▸ Recorded data
# # # #

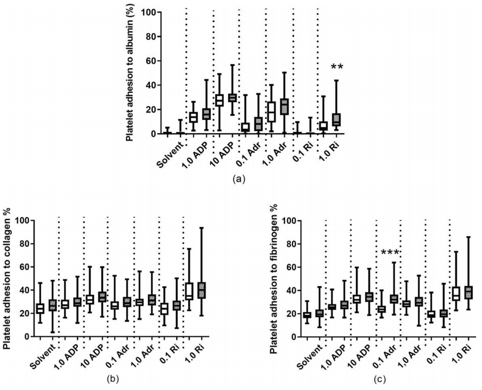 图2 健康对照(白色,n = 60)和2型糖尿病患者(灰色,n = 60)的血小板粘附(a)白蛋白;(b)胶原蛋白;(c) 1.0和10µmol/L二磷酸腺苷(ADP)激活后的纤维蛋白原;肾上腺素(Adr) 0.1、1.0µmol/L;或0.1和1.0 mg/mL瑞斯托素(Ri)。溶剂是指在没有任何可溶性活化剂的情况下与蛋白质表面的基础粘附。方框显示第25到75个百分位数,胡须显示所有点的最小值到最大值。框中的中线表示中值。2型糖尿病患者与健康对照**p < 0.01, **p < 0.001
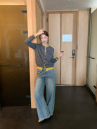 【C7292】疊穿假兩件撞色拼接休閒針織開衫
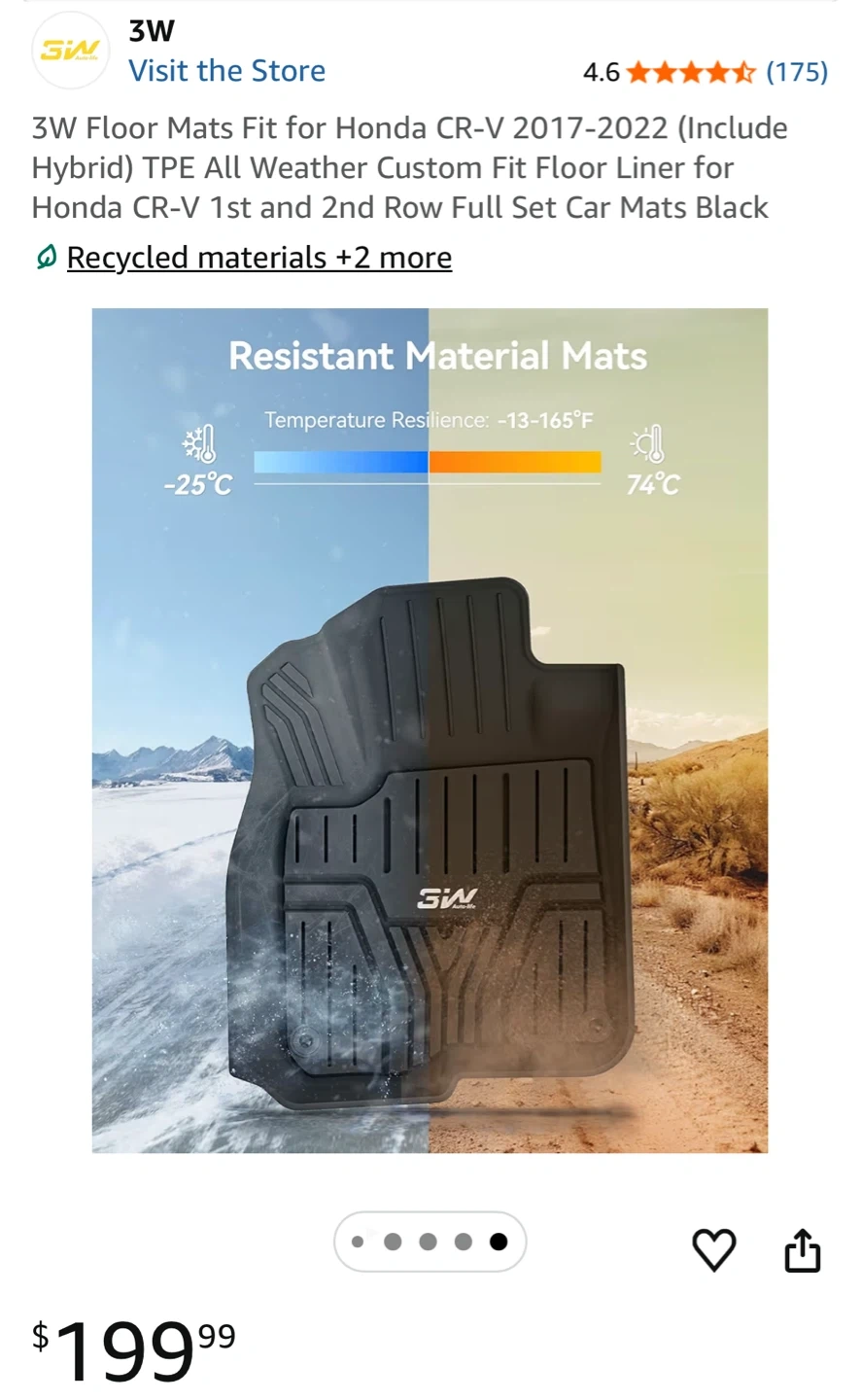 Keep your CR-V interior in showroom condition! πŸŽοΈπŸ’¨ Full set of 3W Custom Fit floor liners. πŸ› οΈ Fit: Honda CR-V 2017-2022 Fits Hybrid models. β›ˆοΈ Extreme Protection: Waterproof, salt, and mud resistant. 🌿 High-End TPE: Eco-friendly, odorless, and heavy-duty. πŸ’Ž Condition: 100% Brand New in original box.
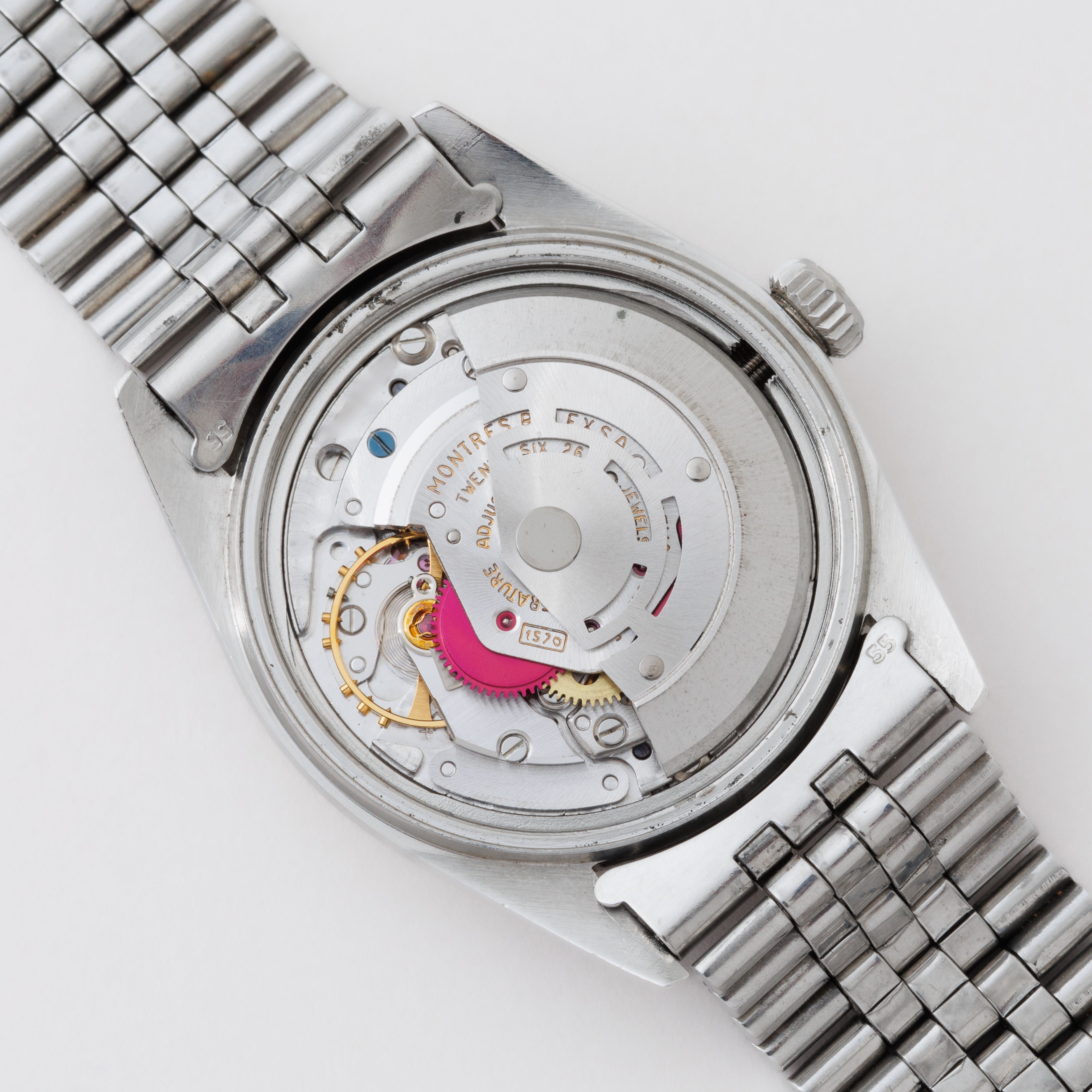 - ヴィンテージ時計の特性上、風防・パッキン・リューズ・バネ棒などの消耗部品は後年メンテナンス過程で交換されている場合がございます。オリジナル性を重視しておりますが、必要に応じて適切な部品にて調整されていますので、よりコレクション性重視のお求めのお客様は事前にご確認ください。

# # # #

Your reply should give again exactly the lines from the one with "Keep your CR-V" through the last line of the data, with both ends included and pictures left out.

▸ Response below
 Keep your CR-V interior in showroom condition! πŸŽοΈπŸ’¨ Full set of 3W Custom Fit floor liners. πŸ› οΈ Fit: Honda CR-V 2017-2022 Fits Hybrid models. β›ˆοΈ Extreme Protection: Waterproof, salt, and mud resistant. 🌿 High-End TPE: Eco-friendly, odorless, and heavy-duty. πŸ’Ž Condition: 100% Brand New in original box.
 - ヴィンテージ時計の特性上、風防・パッキン・リューズ・バネ棒などの消耗部品は後年メンテナンス過程で交換されている場合がございます。オリジナル性を重視しておりますが、必要に応じて適切な部品にて調整されていますので、よりコレクション性重視のお求めのお客様は事前にご確認ください。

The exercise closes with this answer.